------ Provided information

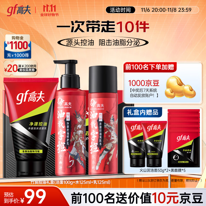 高夫净源控油男士护肤三部曲(洗面奶100g+水125ml+乳125ml)送男友礼物
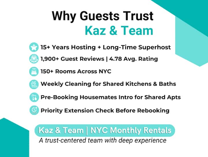 感谢您查看我的个人资料。 我与团队成员一起管理曼哈顿、皇后区和布鲁克林带家具的月租和共同生活空间。 我已经管理配备家具的公寓十年了,到目前为止已经接待了来自90个国家的5600多位房客。 如有任何问题或要求,请随时与我联系!
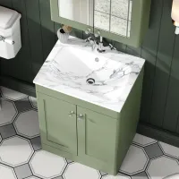 Kivo 600mm 2-Door Floor Standing Unit with a Traditional Fireclay Basin - 3 Tap Holes
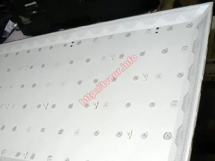 Під час первинного огляду фахівці виявили на екрані телевізора характерні світлі засвіти, що проявляються у формі нерівномірних плям на однотонному тлі. Для уточнення причин телевізор було розібрано, після чого встановлено, що в моделі використовується система підсвітки DUGE-500DCB-R3 (14.03.17). Під час детальної діагностики техніки з’ясували, що майже на кожній LED планці є одразу кілька перегорілих світлодіодів, тобто підсвітка має масовий знос. Крім того, пошкоджено один із ключових елементів конструкції, так званий ліхтар матриці (світлорозсіювальний елемент), який забезпечує рівномірний розподіл світла по всій площі екрана. Його вихід з ладу додатково погіршує якість зображення, спричиняючи засвіти та затемнення. За таких умов відновлення всієї системи шляхом поштучної заміни світлодіодів є неефективним: замінювати велику кількість елементів технологічно складно, довго, а результат не гарантує тривалого терміну служби. Тому найбільш доцільним рішенням у цьому випадку є повна заміна комплекту LED планок.
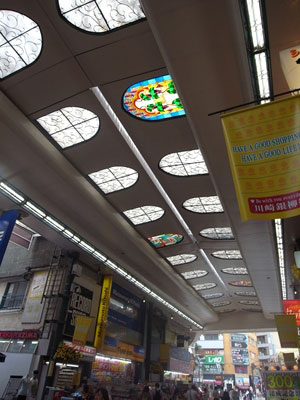 アーケードを見上げてみると、確かにステンドグラスがはめられている。
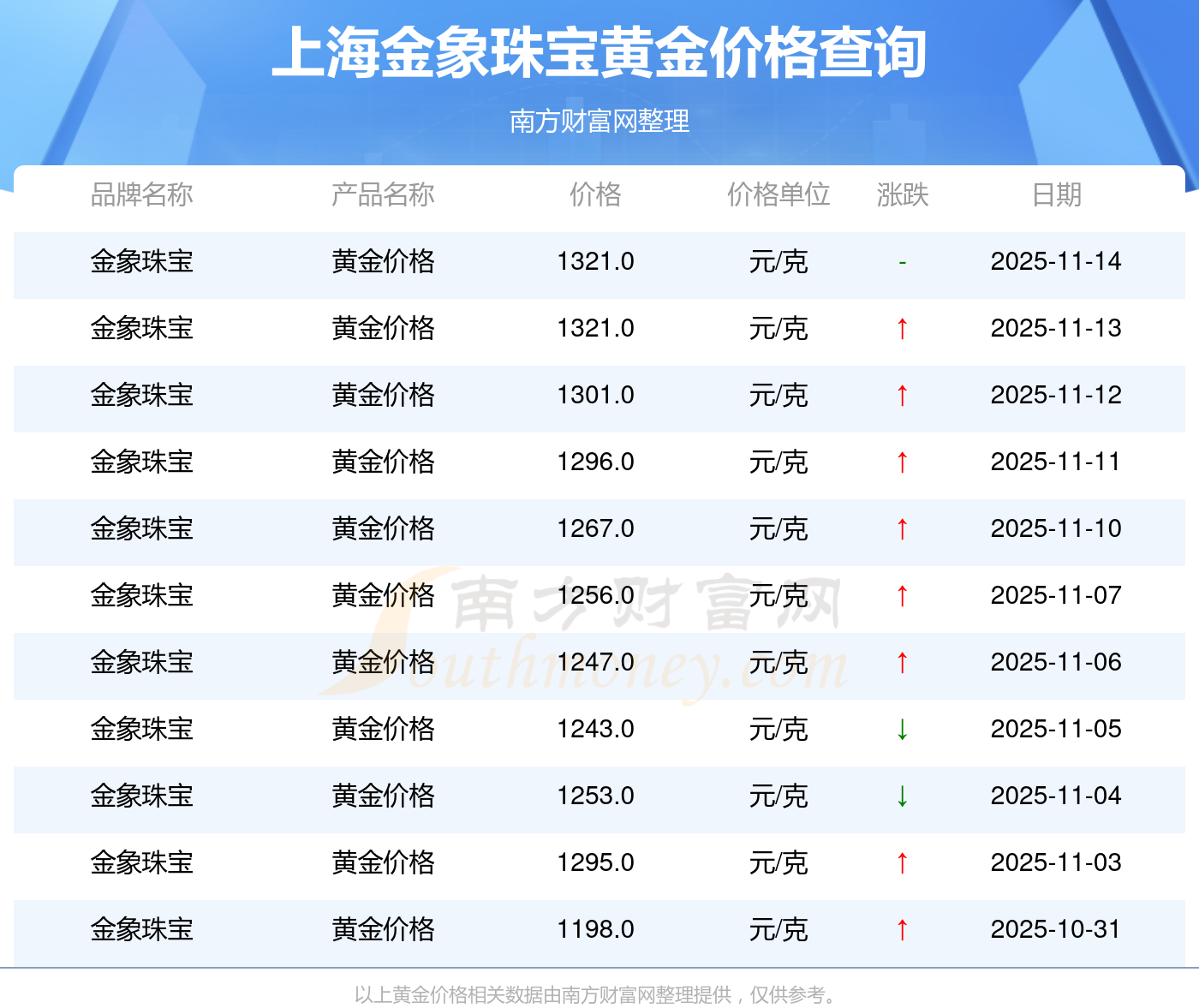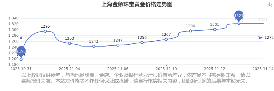 今日上海金象珠寶黃金價(jià)格的價(jià)格為1321.0元/克。

------------

The response is to contain exactly the lines from the beginning of the data through the line containing "Kivo 600mm 2-Door", both ends included, and nothing else; omit the pictures.

• [Result of the exercise]
 高夫净源控油男士护肤三部曲(洗面奶100g+水125ml+乳125ml)送男友礼物
 感谢您查看我的个人资料。 我与团队成员一起管理曼哈顿、皇后区和布鲁克林带家具的月租和共同生活空间。 我已经管理配备家具的公寓十年了,到目前为止已经接待了来自90个国家的5600多位房客。 如有任何问题或要求,请随时与我联系!
 Kivo 600mm 2-Door Floor Standing Unit with a Traditional Fireclay Basin - 3 Tap Holes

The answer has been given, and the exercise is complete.